Australian charging station manufacturer

Tritium Pty Ltd is an Australian company specialising in the design and manufacture of DC electric vehicle (EV) fast chargers. Founded in 2001 in Brisbane, Tritium gained international recognition for its innovative charging solutions and played a significant role in the global expansion of electric vehicle charging networks. Despite early success, the company faced financial challenges, leading to its acquisition in 2024.

== History ==
Tritium was established by engineers David Finn, James Kennedy, and Paul Sernia, initially focusing on developing technology for solar-powered race cars. Their work in power electronics led to the development of the Veefil RT50, Tritium's first DC fast charging product. The company rapidly expanded and deployed chargers across multiple continents.

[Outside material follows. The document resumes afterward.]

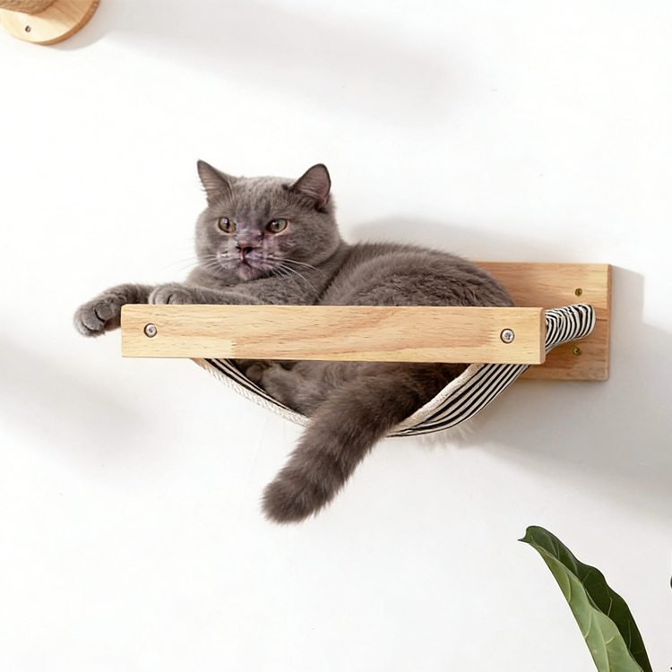 This Cat Wall Hammock is a space-saving solution that gives your cat a favorite perch. Made from natural pine wood, it installs securely on any wall, turning unused vertical space into a comfortable resting and observation spot for your cat. It supports cats up to 30 lbs and encourages healthy climbing behavior. As a professional manufacturer, we offer competitive factory prices and welcome bulk orders for this popular item, with OEM/ODM options available.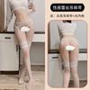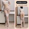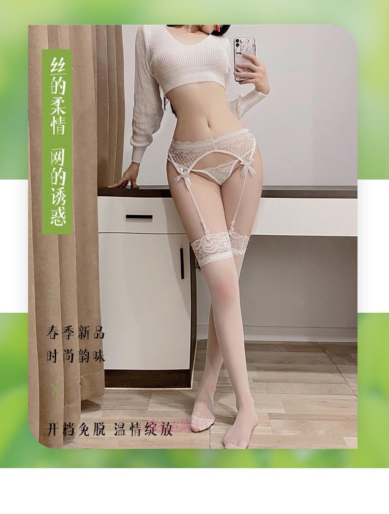 Conjunto de calcinhas lingerie sexy com laço de renda, meias-calças e virilha aberta, calcinhas fio dental sexy europeias e americanas 9904

By the early 2020s, Tritium's chargers had been deployed in over 40 countries, with a major presence in North America, Europe, and the Asia-Pacific.

In 2022, Tritium announced a U.S. manufacturing facility in Lebanon, Tennessee. The plant was designed to produce up to 30,000 DC chargers annually and employ 500 staff, supporting growth in U.S. electric vehicle adoption.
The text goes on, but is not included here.